Быков— младший под внимательным взглядом Быкова-старшего застегивал воротник. Юрковский томно сказал:

— В стратоплане спрошу бутылочку ессентуков и выкушаю…

Быков— старший с подозрением спросил:

— Печенка?

— Почему обязательно печенка? — сказал Юрковский. — Мне просто жарко. И пора бы тебе знать, что ессентуки от приступов не помогает.

— Ты по крайней мере взял свои пилюли? — спросил Быков.

— Что ты к нему пристал? — сказал Дауге.

Все посмотрели на него. Дауге опустил глаза и сказал сквозь зубы:

— Так ты не забудь, Владимир. Пакет Арнаутову нужно передать сразу же, как только вы прибудете на Сырт.

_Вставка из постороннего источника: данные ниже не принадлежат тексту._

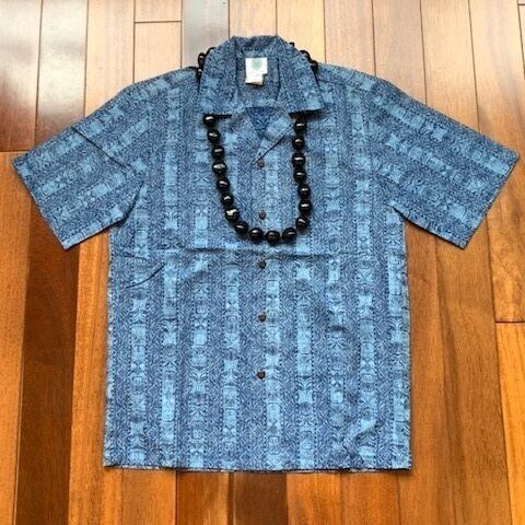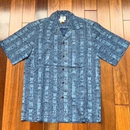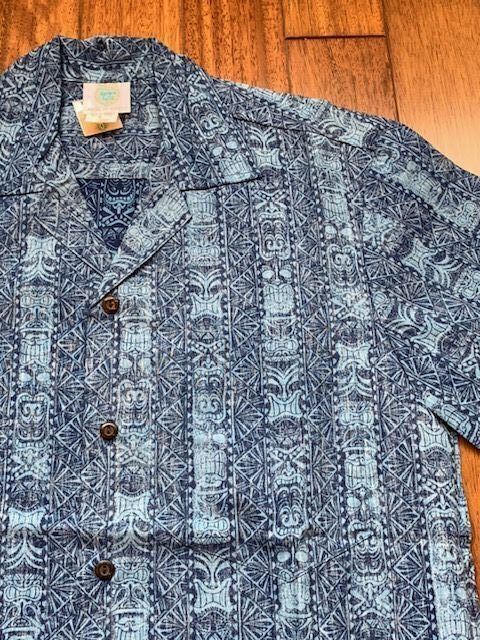 アロハシャツ ティキ ブルー 開襟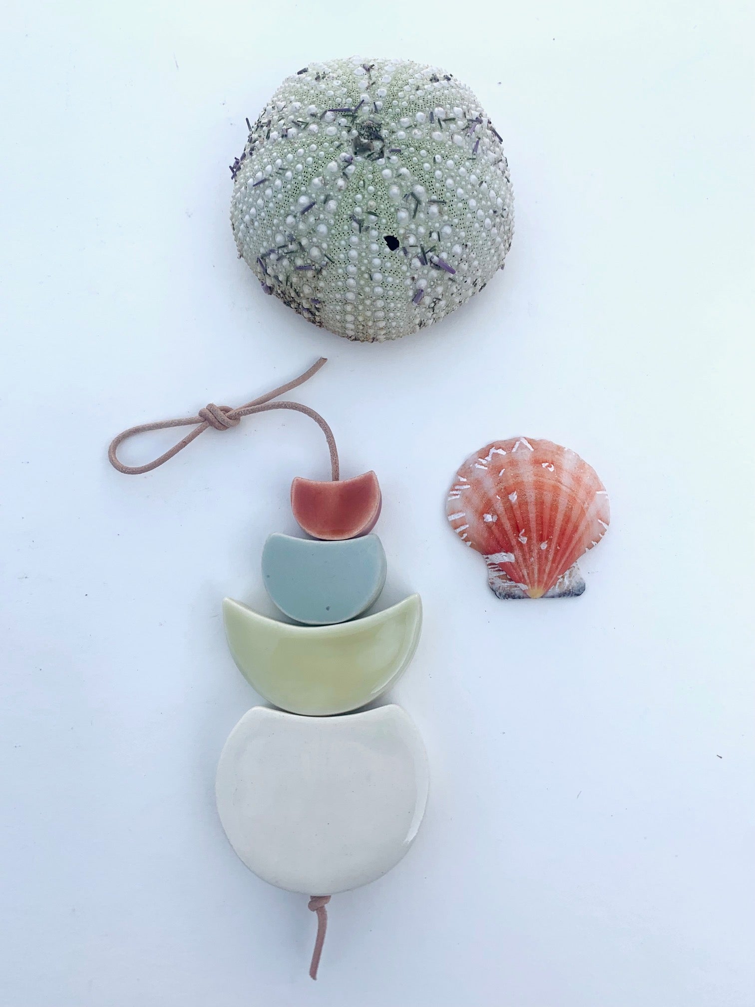 a lovely, chunky yet petite handmade ceramic wall hanging that is inspired by the bright beautiful white moonlight. this piece is strung on a soft tan goat skin leather cord & the ceramic pieces are designed, cut, cleaned, painted, glazed & fired twice by me.  each piece is handmade by me in my ceramic studio & i use only non-toxic, lead-free glazes.
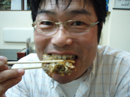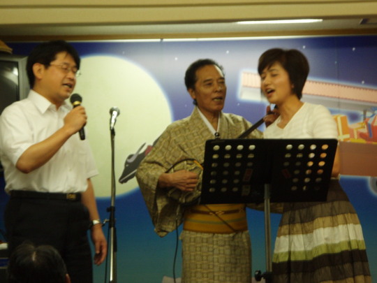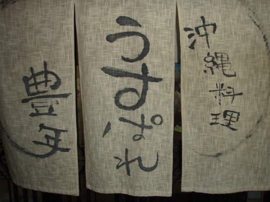 お客さんは姫路の橋本さん、大阪の細谷さんに西浦さん、そして巽さんとの6人で駅前の「うすぱれ 豊年」沖縄料理店に行きました。橋本さんがこの店の三神(サンシン)の師匠さんに月に何度か三神を習ってあるとかで・・。

— Если Арнаутов на Марсе, — сказал Юрковский.

— Да, конечно. Я только прошу тебя не забыть.

— Я ему напомню, — пообещал Быков.

Они замолчали. Очередь у автобуса уменьшилась.

— Знаете что, идите вы, пожалуйста, — сказал Дауге.

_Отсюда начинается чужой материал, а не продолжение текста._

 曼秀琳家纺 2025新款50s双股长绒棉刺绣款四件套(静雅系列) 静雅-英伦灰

— Да, пора идти, — вздохнул Быков. Он подошел к Дауге и обнял его. — Не печалься, Иоганныч, — сказал он тихо. — До свидания. Не печалься.

Он крепко сжал Дауге длинными костистыми руками. Дауге слабо оттолкнул его.

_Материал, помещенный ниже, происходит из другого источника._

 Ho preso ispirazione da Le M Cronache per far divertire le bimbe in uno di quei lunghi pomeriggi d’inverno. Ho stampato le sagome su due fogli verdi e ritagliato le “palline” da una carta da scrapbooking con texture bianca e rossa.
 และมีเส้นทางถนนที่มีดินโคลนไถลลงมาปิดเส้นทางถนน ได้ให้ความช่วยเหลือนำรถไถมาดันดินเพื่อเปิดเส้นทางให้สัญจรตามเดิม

— Спокойной плазмы, — проговорил он.

Он пожал руку Юрковскому. Юрковский часто заморгал, он хотел что-то сказать, но только облизнул губы. Он нагнулся, поднял с травы свой великолепный портфель, повертел его в руках и снова положил на траву. Дауге не глядел на него. Юрковский снова поднял портфель.

— Ах, да не кисни ты, Григорий, — страдающим голосом сказал он.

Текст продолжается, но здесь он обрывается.